那串排铃已经在阳台挂了许久,久到贝壳上的螺纹被风雨磨平,久到那个小姑娘从五彩的校园住进了苍白病房。
叩、叩、叩,
清脆的敲门声响起,
方顾的思绪从遥远的海水边回落,轻轻坠进了沟壑难平的胸腔。
门外来客是他意料之中的人。
方顾半开房门,斜倚在门框上,掀起眼睫,轻飘飘的视线落到门外那人的一肩霜白上。
岑厉今天穿着一件月白色绸缎织造的衬衫,丝绸独特的光泽顺着肌理起伏,将他的身形勾勒得如同古希腊中神祇的模样。
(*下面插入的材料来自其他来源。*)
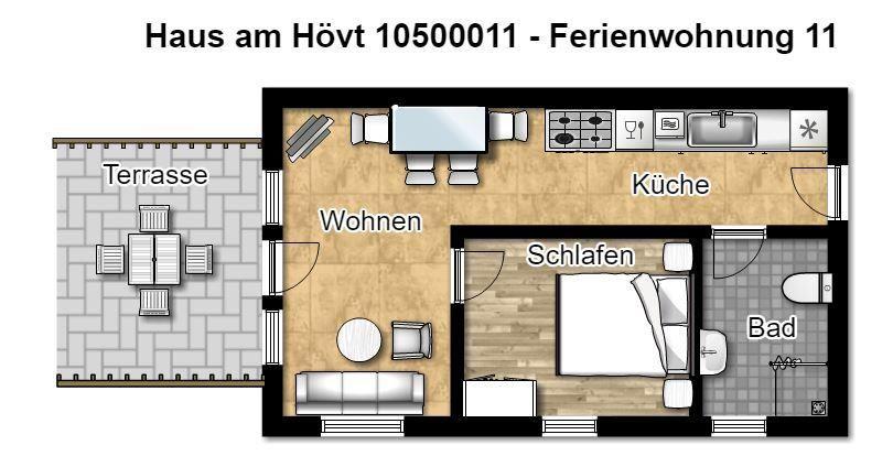 Zu der Ferienanlage „Haus am Hövt“ gehört zudem ein großer Gemeinschaftsgarten mit Grillplatz, Tischtennisplatte und Spielmöglichkeiten, den Sie gerne nutzen dürfen.

他站在光里,就连光都变得冷冽起来,那朵绣在左胸的含苞玫瑰染着金色,在方顾的眼睛里发光。
“早。”岑厉眉目温润,清冷的调子含着春水的柔。
方顾唇角勾起,“早啊,岑教授。”
狭长的黑眸散漫地在岑厉身上上下扫。
“要进来坐会儿吗?”他问。
岑厉盯着那瓣薄白的唇,苍白的喉结不规律的激颤一下。
“好啊。”
这是岑厉第一次进入方顾的房间,黑白灰的标准配色,却在客厅放了一张异常扎眼的红色沙发。
“那是抽奖中的,”方顾主动解释,“不要白不要嘛。”
“你随便坐,喝冰水还是温水?”
“冰水,谢谢。”
乘着方顾去厨房的间隙,岑厉仔仔细细将这间不大的屋子打量了遍。
和他想象中的不太一样。
书柜里零七落八摆着几本晦涩难懂的专业书籍,已经落了灰,一看就不是主人家钟爱的东西。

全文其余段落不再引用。